Незнакомец заказал ещё порцию виски.

— Нет, шутки в сторону, — сказал он. — Таинство брака…

— Но чего ради двум людям мучиться, — не унималась официантка, — когда можно без этого?

— А почему бы им не помучиться? — спросил Спэндрелл. — Может быть, они для этого и живут на свете. Откуда вы знаете, что земля не служит адом для какой-нибудь другой планеты?

— Какая чушь! — рассмеялась официантка, явно стоявшая на точке зрения позитивизма.

— Но ведь англиканская церковь не считает брак таинством, — продолжал Спэндрелл.

Херувим возмущённо передёрнулся.

— А вы что же, меня за англиканца принимаете?

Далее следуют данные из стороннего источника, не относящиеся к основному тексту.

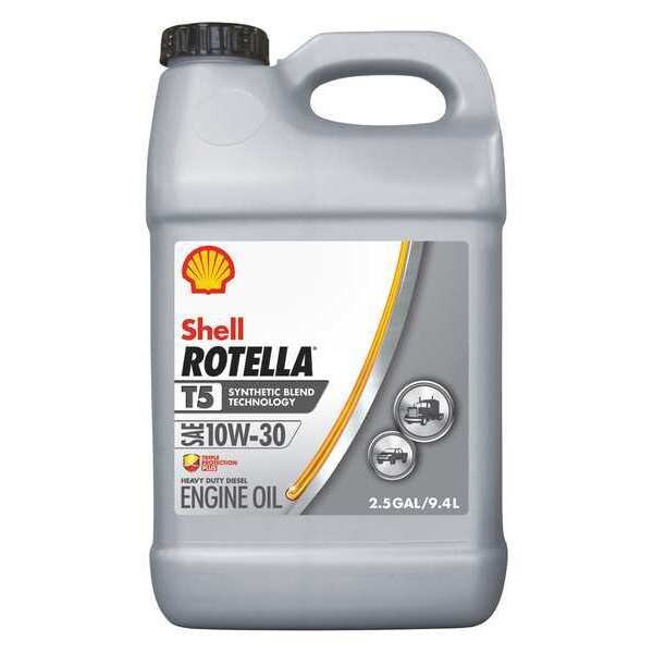 Engine Oil, Series RotellaT5, Container Size 2.5 gal, Standards API, Color Amber, Container Type Bottle, Flash Point 437 Degrees F, ISO Viscosity Grade 32, Pour Point -44 Degrees F, Specific Gravity 0.847 at 15.6 Degrees C, Viscosity Index 147

Рабочий день кончился; бар начал наполняться мужчинами, жаждавшими духовного облегчения. Пиво текло рекой, крепкие напитки тщательно отмеривались в маленькие стаканчики. Портер, стаут [146], виски были для этих людей эквивалентом путешествия за границу и мистического экстаза, поэзии и воскресного дня в обществе Клеопатры, охоты на крупную дичь и музыки. Херувим заказал ещё порцию.

— В какой век мы живём! — сказал он, качая головой. — Варварский век! Люди пребывают во мраке неведения относительно основных предписаний религии.

— Не говоря уже о предписаниях гигиены, — сказал Спэндрелл. — Какая вонь от сырой одежды, и все окна закрыты!

Он вынул носовой платок и приложил его к ноздрям. Херувим содрогнулся и воздел руки.

— Боже мой, что за платок! — воскликнул он. — Какой ужас!